Jak się nie zna na danej rasie i nie umie wychować psa to się go nie bierze. Najbardziej mnie takie kurwa jebańce wkurwiają bo biorą sobie 'psa mordercę' i uczą go agresji. Pies nie ma być agresywny i nie ma atakować tylko ma bronić w razie potrzeby. Każdy pies z kategorii niebezpiecznych ras jeśli jest dobrze ułożony i wychowany to nigdy nie zaatakuje pierwszy (nie licząc sytuacji gdzie ktoś wejdzie na ich terytorium - działkę, dom, mieszkanie itp.) ale w razie jakby ktoś na właściciela podniósł łapę to każdy poleci bronić.
Sam mam 3 psy. 2 rottweilery i jednego owczarka niemieckiego. Całe życie miałem rottweilery i wiem o tej rasie przynajmniej tyle ,że wiem jak nie zrobić z tak cudownego i lojalnego psa mordercy.

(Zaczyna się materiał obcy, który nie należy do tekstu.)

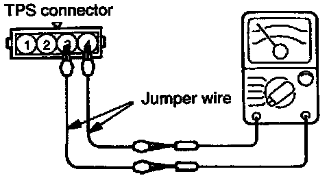b. Using jumper wires, connect an ohmmeter across terminal (3) (closed throttle position switch) and terminal (4) (sensor ground) of the throttle position sensor.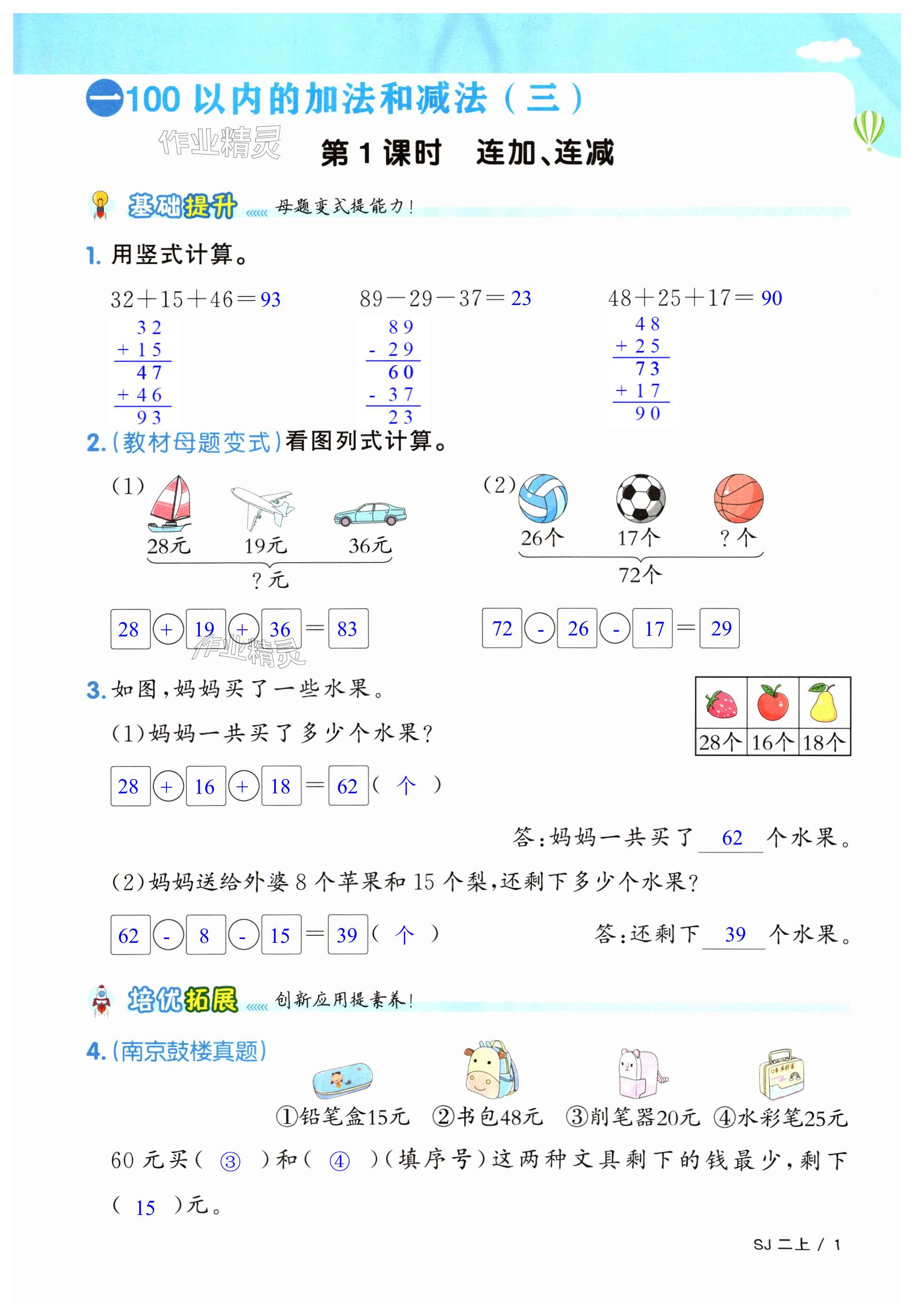注:目前有些书本章节名称可能整理的还不是很完善,但都是按照顺序排列的,请同学们按照顺序仔细查找。练习册2024年阳光同学课时优化作业二年级数学上册苏教版答案主要是用来给同学们做完题方便对答案用的,请勿直接抄袭。
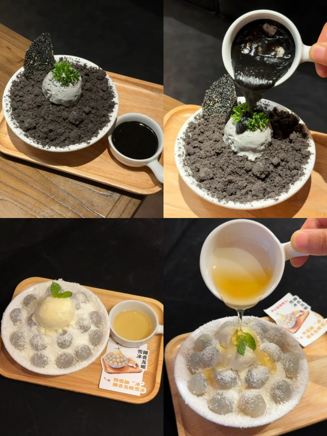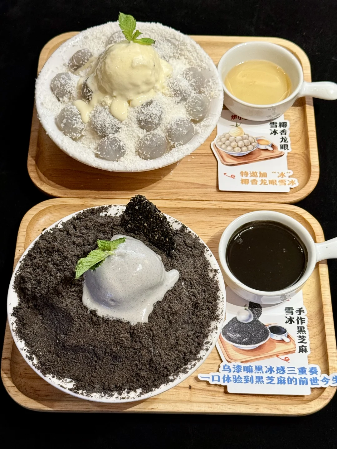 手作黑芝麻雪冰和椰香龙眼雪冰,搭配烤肉真的很不错!

Są miłe, grzeczne i ułożone. Co prawda nie lubią pijaków i to szczególnie na rowerach i szczekają na nich ale jak widzą dziecko to dosłownie srają tęczą i są przylepy.

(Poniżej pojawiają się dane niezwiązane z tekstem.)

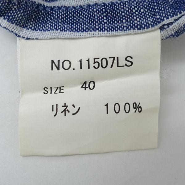 ・メーカー :SPINNER BAIT / スピナーベイト・製品型番 :11507LS・サイズ :表記サイズ:40,肩幅 (約cm):42,身幅 (約cm):47.5,着丈 (約cm):64,袖丈 (約cm):60,首周り(約cm):37.5,・色(柄)の系統:白系(ホワイト) 青系(ブルー)・デザイン :(メンズ)トップス/カジュアルシャツ・素材 :リネン100%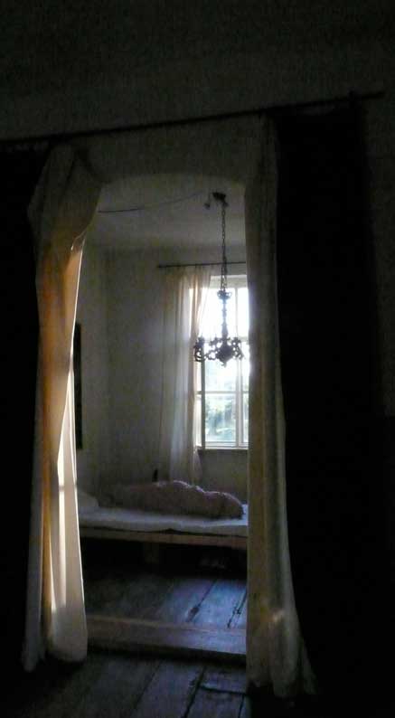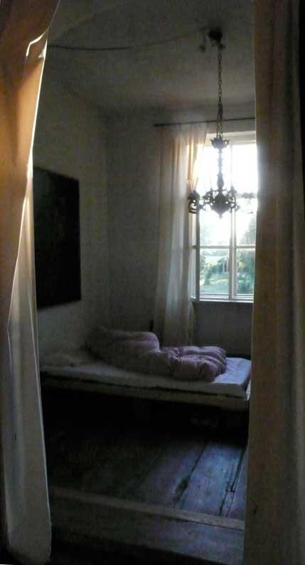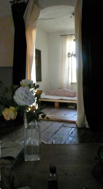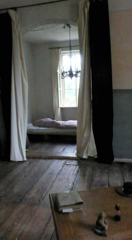 die Schwalben über dem Bett,trotz aller Freude, waren nicht vereinbar, also aus dem Schlafzimmer das Bett ins Ankleidezimmer und den morgendlichen Tisch von dort in die Ecke des Schlafimmers.

Kiedyś jakiś pijaczek mi zadzwonił do bramy bo brakowało mu "5zł na imprezę". Wyszedłem do niego. Zamknąłem bramę i cośtam sobie pierdoli do mnie. Dałem mu tą piątkę i niech spierdala. Ten z wdzięczności klepnął mnie po ramieniu i podziękował ,że równy chłop jestem. Jak psy zobaczyły obcego który klepnął mnie w ramię to dostały szału i prawie mi bramę przeskoczyły.
I od tego ma być pies. Ma kurwa bronić. Widzi zagrożenie (ktoś zaatakował członka stada i trzeba interweniować) i reaguje a nie tępy przedmiot co atakuje na komendę i rzuca się na wszystko.